*Data shown*.
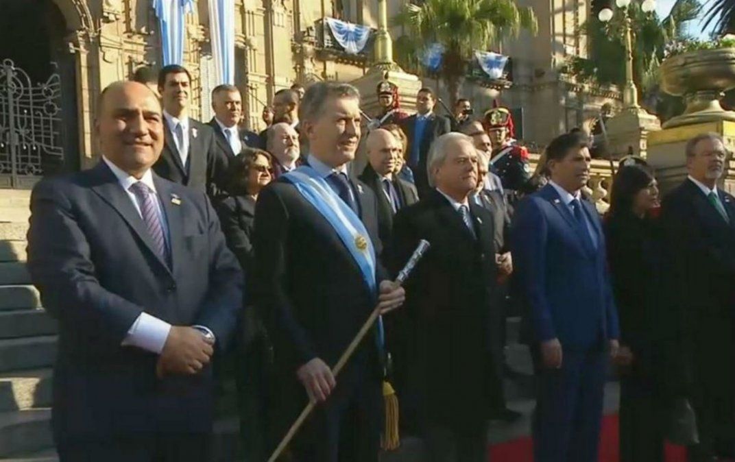 El presidente Mauricio Macri encabezaba hoy, acompañado por su esposa Juliana Awada, a la grey que participaba del Tedeum en la catedral de Tucumán, en un misa oficiada por el arzobispo Alberto Zecca. Frente a la imagen de la Virgen de la Merced y la réplica del cuadro La Anunciación, Macri, su esposa y varios funcionarios del gabinete entonaron estrofas del tradicional cántico de la iglesia argentina "Cristo Jesús", al inicio de la ceremonia.
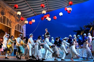 Our hero, Nemorino (Charles Castronovo), works at a hotel restaurant where we first see him taking naïve pride in placing each chair in exactly the right place. He loves the bookish, bold, and sophisticated Adina (Ailyn Pérez), but she hardly seems to notice him, being much more interested in reading from dramatic romances such as Tristan und Isolde than the humble, simple man in front of her. When the swaggering captain Belcore (Johua Hopkins) declares his intent to seduce and marry her, Adina bluntly reassures Nemorino that he’s the better man, but she’s fickle and needs someone who can keep her entertained. Nemorino is heart-broken until the arrival of the magical doctor Dulcamara (Kyle Ketelsen), who offers Nemorino an elixir that will make him confident, charming, and witty, and hopefully allow him to win Adina over before she marries Belcore in twenty-four hours. (The elixir’s secret ingredient is alcohol.)
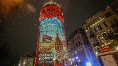علق أعضاء في "وقف الشباب التركي"، الكوفية الفلسطينية برج غالاطة التاريخي في مدينة إسطنبول، بهدف تسليط الضوء على الإبادة الإسرائيلية بحق الشعب الفلسطيني في قطاع غزة.
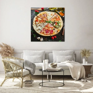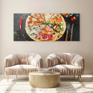 Glasbild - Bild auf glas - Pizza in verschiedenen Geschmacksrichtungen mit verschiedenen Belägen - 160x50cm - Eine Reihe von Geschmacksrichtungen - Moderne Wanddekoration für Wohnzimmer und Schlafzimmer ARTTOR
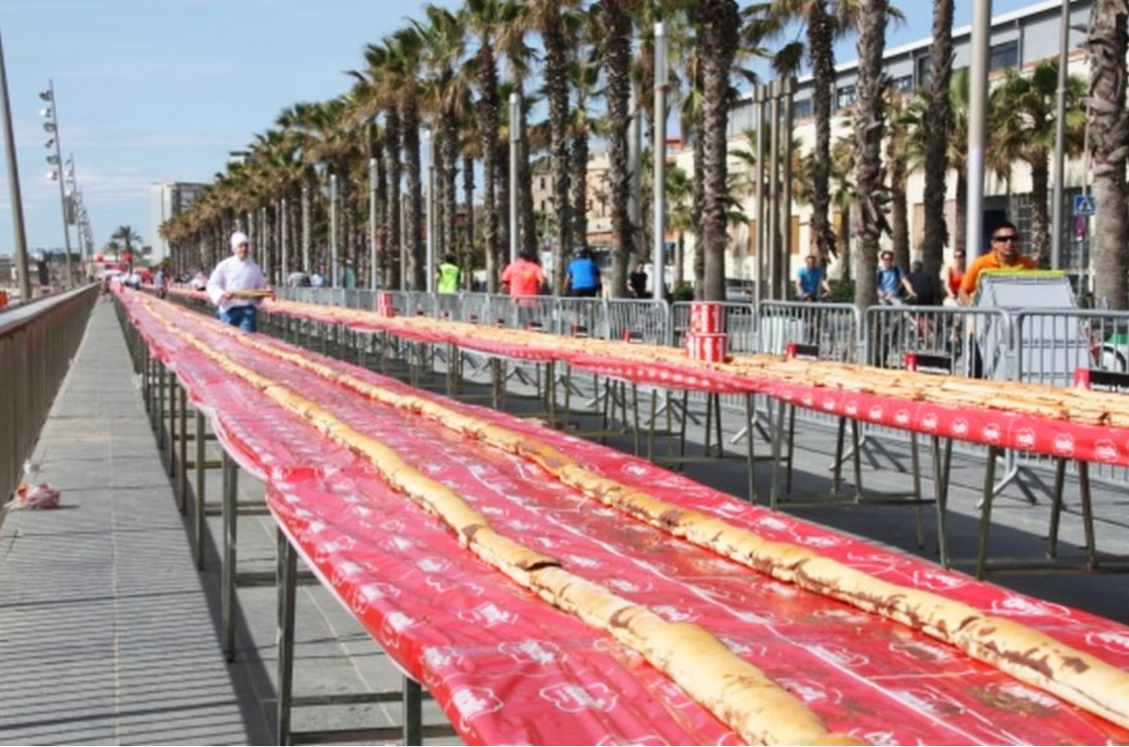 Ну и так как это важный ритуал, валенсийцы решили установить рекорд Гиннесса по esmorzaret. Спонсорами там выступили компании Mahou (популярный в Испании производитель пива, причем они выпускают с десяток различных марок) и Grupo Comboi (им принадлежит несколько крутых баров и ресторанов), также в действии поучаствовали различные рестораторы, которые для такого важного события предоставили свои особенные бутерброды с самыми разнообразными начинками.
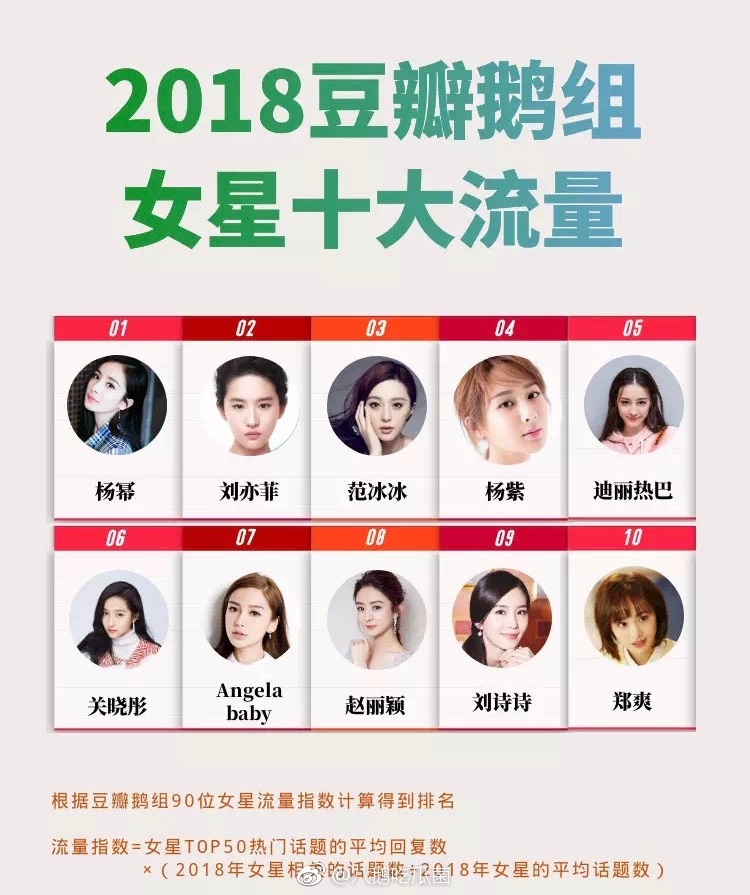 Lần lượt Quan Hiểu Đồng, Angelababy, Triệu Lệ Dĩnh, Lưu Thi Thi và Trịnh Sảng là năm cái tên tiếp theo góp mặt trong bảng xếp hạng mười nữ minh tinh lưu lượng lớn do douban công bố. Khi Quan Hiểu Đồng đứng vị trí thứ 6 với chỉ số lưu lượng là 1218.37. Angelababy đạt chỉ số 1173.68 đứng vị trí thứ 7.

*To do*. Go through the listing above and write it out again exactly, dropping the pictures.

*Exercise output*.
 El presidente Mauricio Macri encabezaba hoy, acompañado por su esposa Juliana Awada, a la grey que participaba del Tedeum en la catedral de Tucumán, en un misa oficiada por el arzobispo Alberto Zecca. Frente a la imagen de la Virgen de la Merced y la réplica del cuadro La Anunciación, Macri, su esposa y varios funcionarios del gabinete entonaron estrofas del tradicional cántico de la iglesia argentina "Cristo Jesús", al inicio de la ceremonia.
 Our hero, Nemorino (Charles Castronovo), works at a hotel restaurant where we first see him taking naïve pride in placing each chair in exactly the right place. He loves the bookish, bold, and sophisticated Adina (Ailyn Pérez), but she hardly seems to notice him, being much more interested in reading from dramatic romances such as Tristan und Isolde than the humble, simple man in front of her. When the swaggering captain Belcore (Johua Hopkins) declares his intent to seduce and marry her, Adina bluntly reassures Nemorino that he’s the better man, but she’s fickle and needs someone who can keep her entertained. Nemorino is heart-broken until the arrival of the magical doctor Dulcamara (Kyle Ketelsen), who offers Nemorino an elixir that will make him confident, charming, and witty, and hopefully allow him to win Adina over before she marries Belcore in twenty-four hours. (The elixir’s secret ingredient is alcohol.)
علق أعضاء في "وقف الشباب التركي"، الكوفية الفلسطينية برج غالاطة التاريخي في مدينة إسطنبول، بهدف تسليط الضوء على الإبادة الإسرائيلية بحق الشعب الفلسطيني في قطاع غزة.
 Glasbild - Bild auf glas - Pizza in verschiedenen Geschmacksrichtungen mit verschiedenen Belägen - 160x50cm - Eine Reihe von Geschmacksrichtungen - Moderne Wanddekoration für Wohnzimmer und Schlafzimmer ARTTOR
 Ну и так как это важный ритуал, валенсийцы решили установить рекорд Гиннесса по esmorzaret. Спонсорами там выступили компании Mahou (популярный в Испании производитель пива, причем они выпускают с десяток различных марок) и Grupo Comboi (им принадлежит несколько крутых баров и ресторанов), также в действии поучаствовали различные рестораторы, которые для такого важного события предоставили свои особенные бутерброды с самыми разнообразными начинками.
 Lần lượt Quan Hiểu Đồng, Angelababy, Triệu Lệ Dĩnh, Lưu Thi Thi và Trịnh Sảng là năm cái tên tiếp theo góp mặt trong bảng xếp hạng mười nữ minh tinh lưu lượng lớn do douban công bố. Khi Quan Hiểu Đồng đứng vị trí thứ 6 với chỉ số lưu lượng là 1218.37. Angelababy đạt chỉ số 1173.68 đứng vị trí thứ 7.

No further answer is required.